I'm going to go through this quickly. I will try to show some of the things I've got. I'm going to run scripts. They are shortcuts of the things we've already done. There is going to be some hand-wavy-magic there, but I'll try to look at the scripts first before I do. I'm using Minikube, which also makes things interesting because Minikube is a single node, not a real one.

We're configuring our Minikube set-up to have the right certificates so Vault and Minikube can talk securely. This is using our Helm chart, but it's a private branch of it at the moment because it has this mutating webhook stuff that's very alpha.

We can see our Vault service is running. We've launched Vault on Kubernetes. We're going to run Vault here. Then we have the injector pod. This is the part where we set up the Kubernetes auth provider.

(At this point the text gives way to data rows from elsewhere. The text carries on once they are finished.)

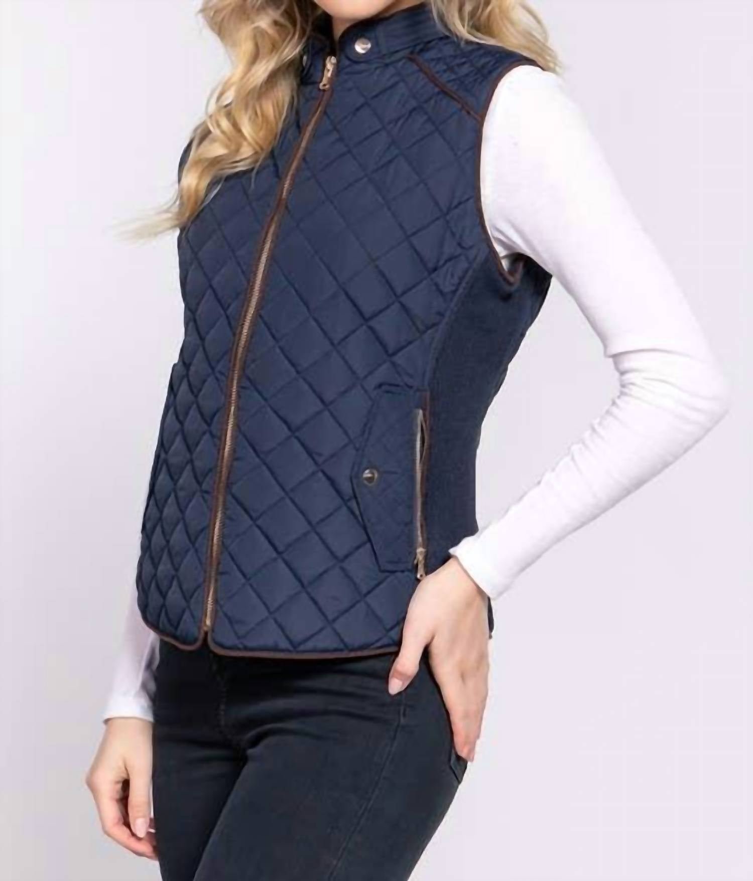 That extra layering piece you didn't know you needed! Introducing the Suede Piping Detail Rib Quilted Vest by Active Basic, perfect for minimalist fall fashion. This sleeveless vest is crafted from 100% polyester with quilted padding and features a stylish suede piping detail. Designed in classic navy, it includes front pockets and a convenient zip closure. Care instructions recommend machine washing and tumble drying for easy maintenance.
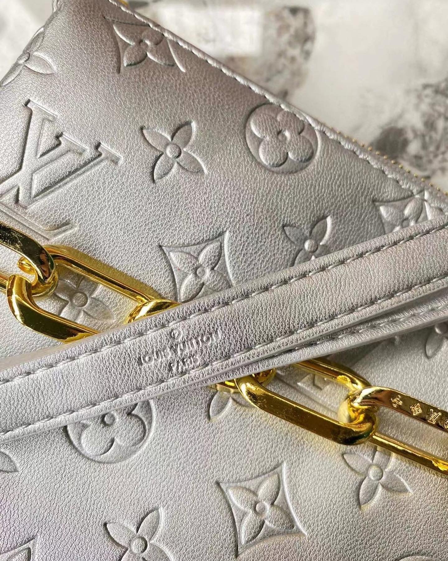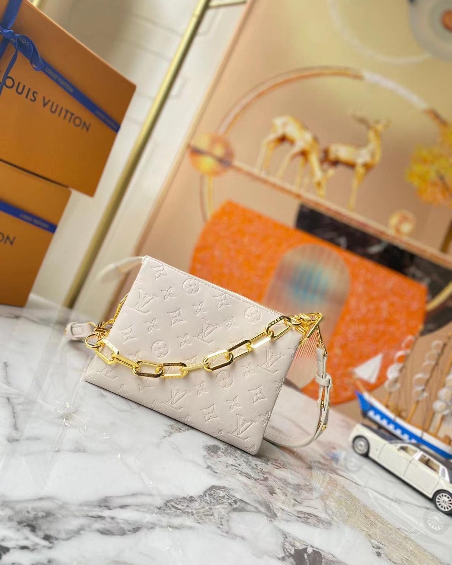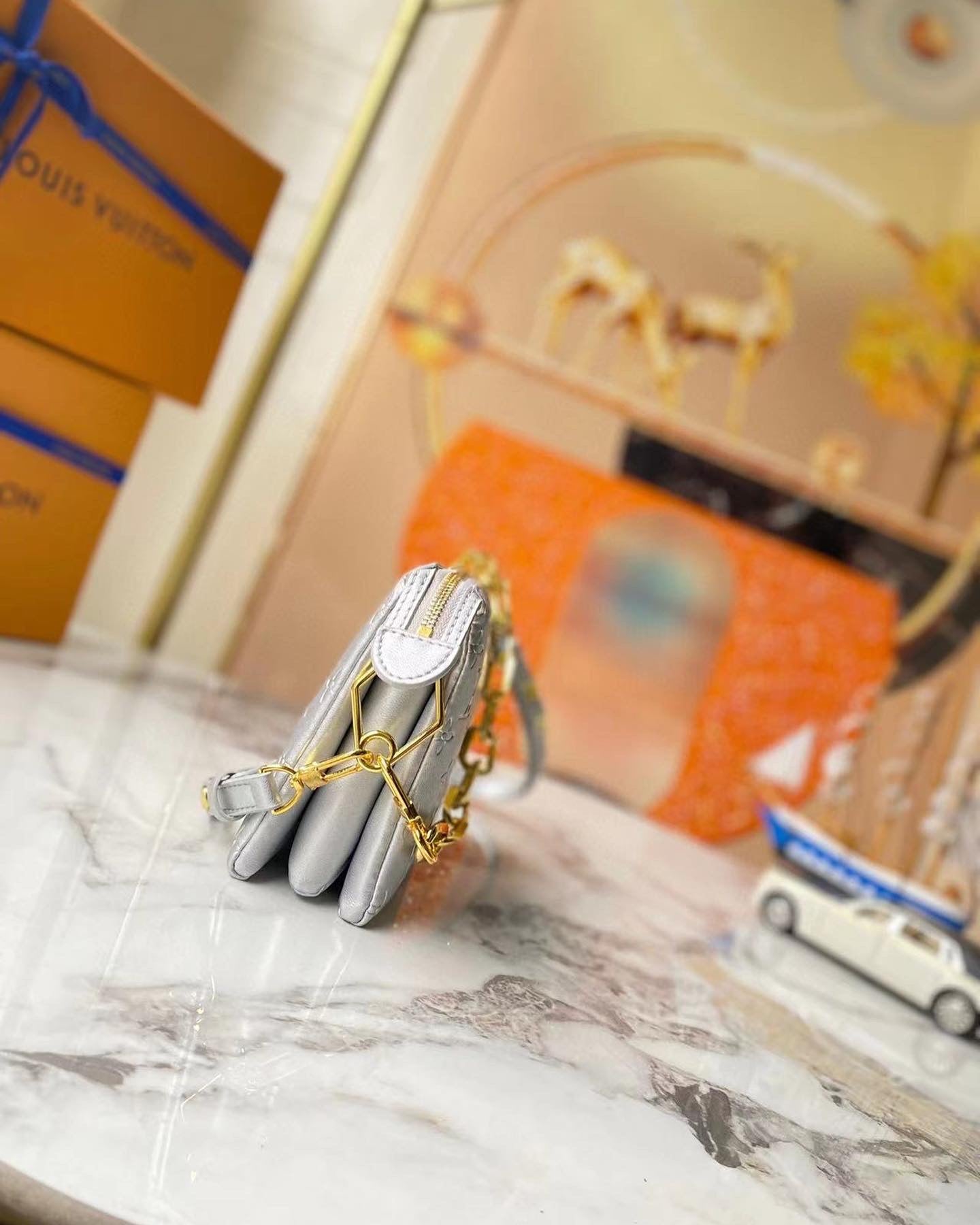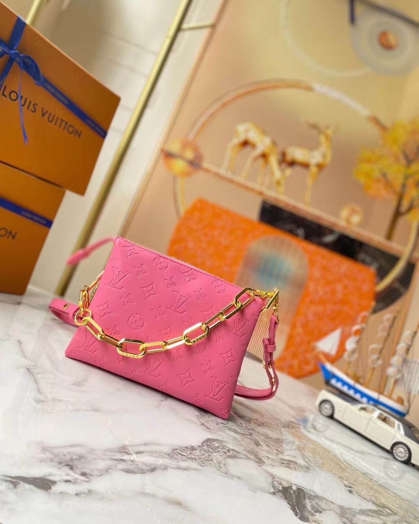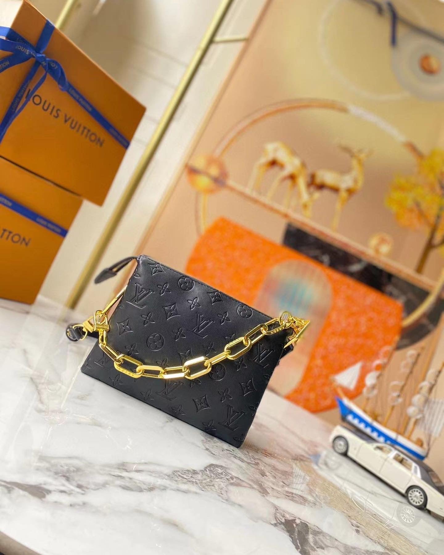 Fashioned from Monogram-embossed puffy lambskin, the compact Coussin BB handbag boasts a gold-color chunky chain in addition to its leather shoulder strap, both of which are removable. Two inside compartments bring functionality, making this the perfect day-to-evening bag. The luxurious inside lining adds a glamourous feel.
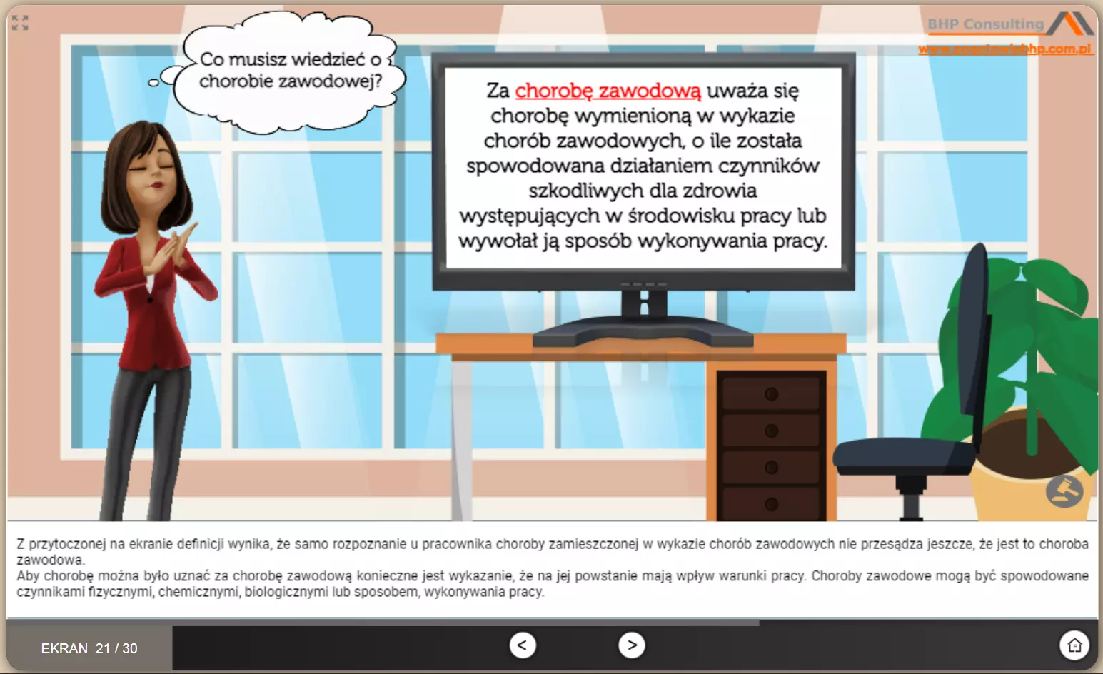 - Zrozumienie organizacji i metod kształtowania bezpiecznych i higienicznych warunków pracy, zarządzania bezpieczeństwem i higieną pracy, ze szczególnym uwzględnieniem stanowisk z monitorami ekranowymi.

Well, my time is over, and I have completely failed my demo. The things flash up there. Then I log in to the pod, and I cat—or I use last—because an old mentor of mine insists I use last not cat —and it shows dynamic secrets were generated to disk.

My colleague Jason, who worked very hard to push the Helm chart over the end. He helped with this demo and did amazing work. I swear it worked 20 minutes before I came on stage, and now I screwed it up.

Jason, you're going to watch this. I am sorry. If you want to see the demo, you can find me in the hall where it will work. I'm supposed to wrap up, but I felt witty. Alpha software, see I didn't even call it beta.

Looking to the future

I'm over time. We need your feedback.

Automatic injection is coming. We're working on it. That's probably the next three to four months horizon. Beyond that, we put out a blog post, and we have GitHub issues. We want to know the community's feedback here.

We're considering some syncer process—obviously installed like the new day in webhook that will sync automatically—select secrets from Vault directly into Kubernetes secrets. Not like a sidecar. You access it from the Kube secrets way. That is pretty hand-wavy-magic right now. We don't know what that entails or what people want there.

We have two GitHub issues. If you saw the wonderful presentation this morning with Rita and Lachlan—Container Storage Interface (CSI), they have a great provider framework for that.

Mishra, My colleague has already done a great demo for that. It’s in a prototype stage, but again, we want to know what is the community wants out of that—how would they expect it to work? How would they interact with it?

We have GitHub issues—I can point you to them directly later—on all of these things. Go there, give us your feedback—then you can find the driver itself at Deislabs.

The future: We’ve talked about the future. There's no recap for the future because that doesn't make any sense at all.

I'm Clint and, I'm very thankful you all came and watched me embarrass myself with a terrible demo. All right, thanks, everybody.